An atoll or coral reef begins to form when tiny marine animals called coral polyps attach themselves to rocks on the sea bed. The reef, which eventually takes the shape of a ring or horseshoe enclosing a lagoon, is made up of the lime-based skeletons of innumerable polyps. After building skeletons round themselves, coral polyps produce new polyps, which in turn surround themselves with skeletons.
The young polyps remain attached to the parents so that succeeding generations combine to produce a great mass of coral. Atolls occur only in shallow water where the temperature is over 65 degree Fahrenheit (18.3 degree Celsius). They are found in the West Indies, the Indian Ocean, along the coast of Brazil and, notably, in the Pacific. North-east of Australia huge reefs have formed and some atolls may stretch 40 miles in diameter and more than a thousand feet in depth.
Atolls are rings of coral that create protected lagoons and are usually located in the middle of the sea. Atolls usually form when islands surrounded by fringing reefs sink into the sea or the sea level rises around them (these islands are often the tops of underwater volcanoes). The fringing reefs continue to grow and eventually form circles with lagoons inside.
In 1842, Charles Darwin explained the creation of coral atolls in the southern Pacific Ocean based upon observations made during a five-year voyage aboard HMS Beagle from 1831 to 1836. Accepted as basically correct, his explanation involved considering that several tropical island types—from high volcanic island, through barrier reef island, to atoll—represented a sequence of gradual subsidence of what started as an oceanic volcano.
He reasoned that a fringing coral reef surrounding a volcanic island in the tropical sea will grow upwards as the island subsides (sinks), becoming an “almost atoll”, or barrier reef island, as typified by an island such as Aitutaki in the Cook Islands, Bora Boraand others in the Society Islands. The fringing reef becomes a barrier reef for the reason that the outer part of the reef maintains itself near sea level through biotic growth, while the inner part of the reef falls behind, becoming a lagoon because conditions are less favorable for the coral and calcareous algae responsible for most reef growth. In time, subsidence carries the old volcano below the ocean surface and the barrier reef remains. At this point, the island has become an atoll.

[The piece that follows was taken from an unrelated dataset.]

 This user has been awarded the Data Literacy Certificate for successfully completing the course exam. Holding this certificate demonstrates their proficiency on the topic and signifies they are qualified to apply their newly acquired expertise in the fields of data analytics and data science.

Atolls are the product of the growth of tropical marine organisms, and so these islands are only found in warm tropical waters. Volcanic islands located beyond the warm water temperature requirements of hermatypic (reef-building) organisms become seamounts as they subside and are eroded away at the surface. An island that is located where the ocean water temperatures are just sufficiently warm for upward reef growth to keep pace with the rate of subsidence is said to be at the Darwin Point. Islands in colder, more polar regions evolve towards seamounts or guyots; warmer, more equatorial islands evolve towards atolls, for example Kure Atoll.

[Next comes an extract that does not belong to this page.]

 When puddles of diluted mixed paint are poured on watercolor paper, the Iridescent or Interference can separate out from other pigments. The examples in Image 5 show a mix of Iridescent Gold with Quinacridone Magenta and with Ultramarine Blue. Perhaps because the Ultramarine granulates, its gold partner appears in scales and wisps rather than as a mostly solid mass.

Reginald Aldworth Daly offered a somewhat different explanation for atoll formation: islands worn away by erosion, by ocean waves and streams, during the last glacial stand of the sea of some 900 feet (270 m) below present sea level developed as coral islands (atolls), or barrier reefs on a platform surrounding a volcanic island not completely worn away, as sea level gradually rose from melting of the glaciers. Discovery of the great depth of the volcanic remnant beneath many atolls such as at Midway Atoll favors the Darwin explanation, although there can be little doubt that fluctuating sea level has had considerable influence on atolls and other reefs.
Coral atolls are also an important place where dolomitization of calcite occurs. At certain depths water is undersaturated in calcium carbonate but saturated in dolomite. Convection created by tides and sea currents enhance this change. Hydrothermal currents created by volcanoes under the atoll may also play an important role.
In 1896, 1897 and 1898, the Royal Society of London carried out drilling on Funafuti atoll in Tuvalu for the purpose of investigating the formation of coral reefs to determine whether traces of shallow water organisms could be found at depth in the coral of Pacific atolls. This investigation followed the work on the structure and distribution of coral reefs conducted by Charles Darwin in the Pacific.
The first expedition in 1896 was led by Professor William Johnson Sollas of the University of Oxford. The geologists included Walter George Woolnough and Edgeworth David of the University of Sydney. Professor Edgeworth David led the expedition in 1897. The third expedition in 1898 was led by Alfred Edmund Finckh.